The role of test locations in early-stage plant breeding: Identifying discriminating locations and extrapolating performance to locations that are not observed
Okudan-Kremer, Gul Erdem
Nordman, Daniel John
Is Version Of
Industrial and Manufacturing Systems Engineering
It is well established that the phenotypic response of plants is based on a main genetic effect (G), an environmental effect (E), and a genetic-by-environment (GxE) interaction effects that are typically significant in magnitude. In commercial plant breeding, predicting the phenotypic response of new experimental genotypes is therefore especially challenging because it is only possible to plant, and hence observe, each genotype in a very limited set of locations, creating a possible bias because for a particular experimental genotype the average GxE effects for this set of environments may be significantly different than if it was observed over a larger set of environments. In other words, a predictive model based on the observed locations may either over- or underestimate the true performance because the small set of observed locations was either favorable or unfavorable for this specific genotype. If a large enough sample of locations could be planted and observed then this bias might be eliminated, but in practice that is not possible. Decisions regarding the advancement of a specific plant genotype is challenging due to observing them in a very limited number of observations. But if we can identify subsets of genotypes that perform similarly (i.e., have similar GxE) to the current commercial genotypes, we can expand our training data to a much larger set. This thesis addresses the issue of how to expand the training data so that machine learning can be later used to predict the phenotypic response better to aid better decision making.

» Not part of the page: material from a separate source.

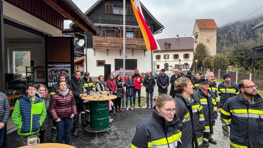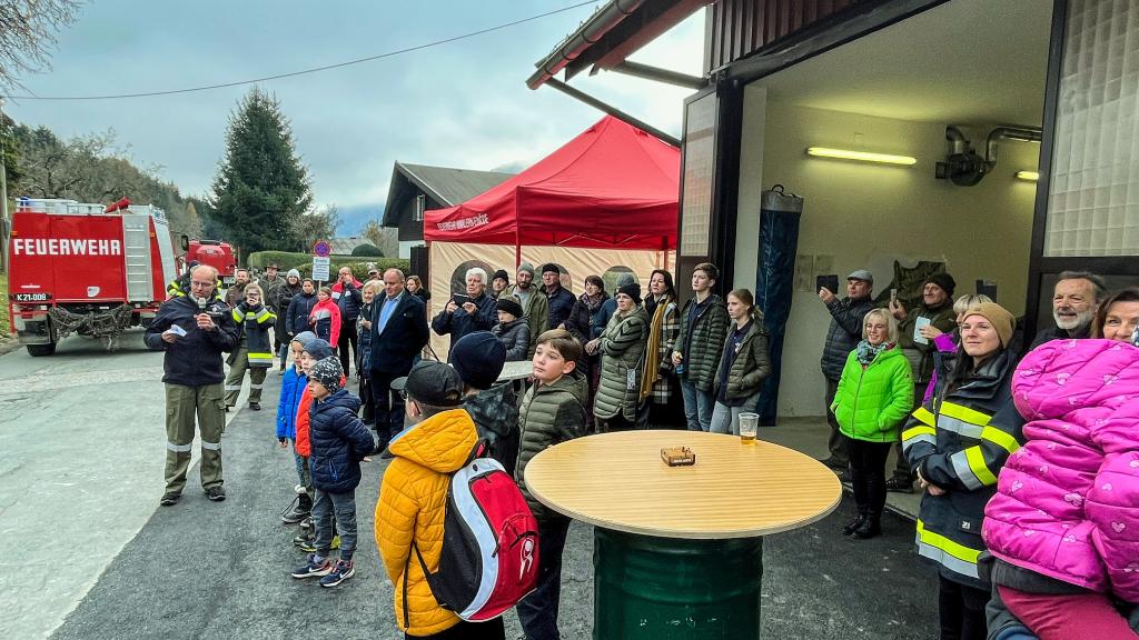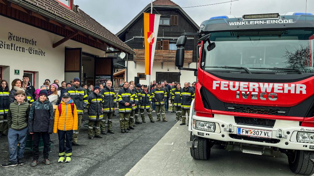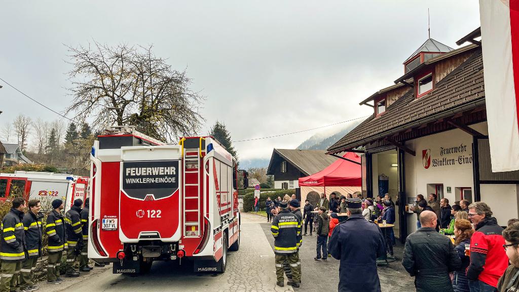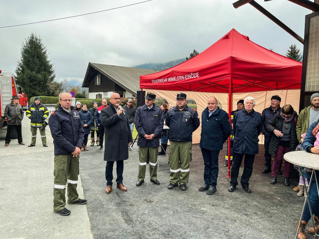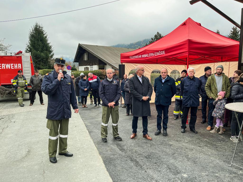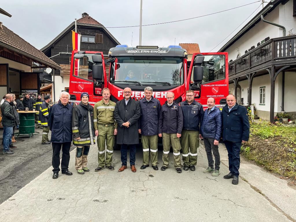 Am Rüsthaus angekommen, begrüßte Kommandant HBI Herbert Stefaner die Ehrengäste und die zahlreich anwesenden Gemeindebürger. Bezirksfeuerwehrkommandant OBR Libert Pekoll unterstrich in seinen Begrüßungsworten die Entscheidung der Stützpunktfeuerwehr Treffen, denen laut Gefahrenabwehr- und Ausrüstungsplanung (GAP-Kärnten) zwei Tanklöschfahrzeuge zustanden, aus einsatztaktischen Gründen das zweite Tanklöschfahrzeug in der Freiwilligen Feuerwehr Winklern-Einöde stationieren zu wollen. Eine in Kärnten erstmalige Entscheidung, deren Beispiel schon weitere Feuerwehren folgten. Nach weiteren Begrüßungsworten von Bürgermeister Klaus Glanznig wurde das neue Tanklöschfahrzeug der Kameradschaft übergeben und alle konnten das neue Fahrzeug in Augenschein nehmen.

Also, in early-stage experimentation, where each genotype is observed in very few environments, even compared to late-stage experimentation, the focus is often on the genotype main effect rather than genetic-by-environment interaction effect. So, it adds value if we can plant these genotypes in locations that are best able to capture the true ranking of the genotypes. This thesis aims to shift the focus from improving precision of predictive models to improving probability of making correct genotype selection by identifying and using locations that are best able to discriminate between genotypes so that we can make correct advancement decisions.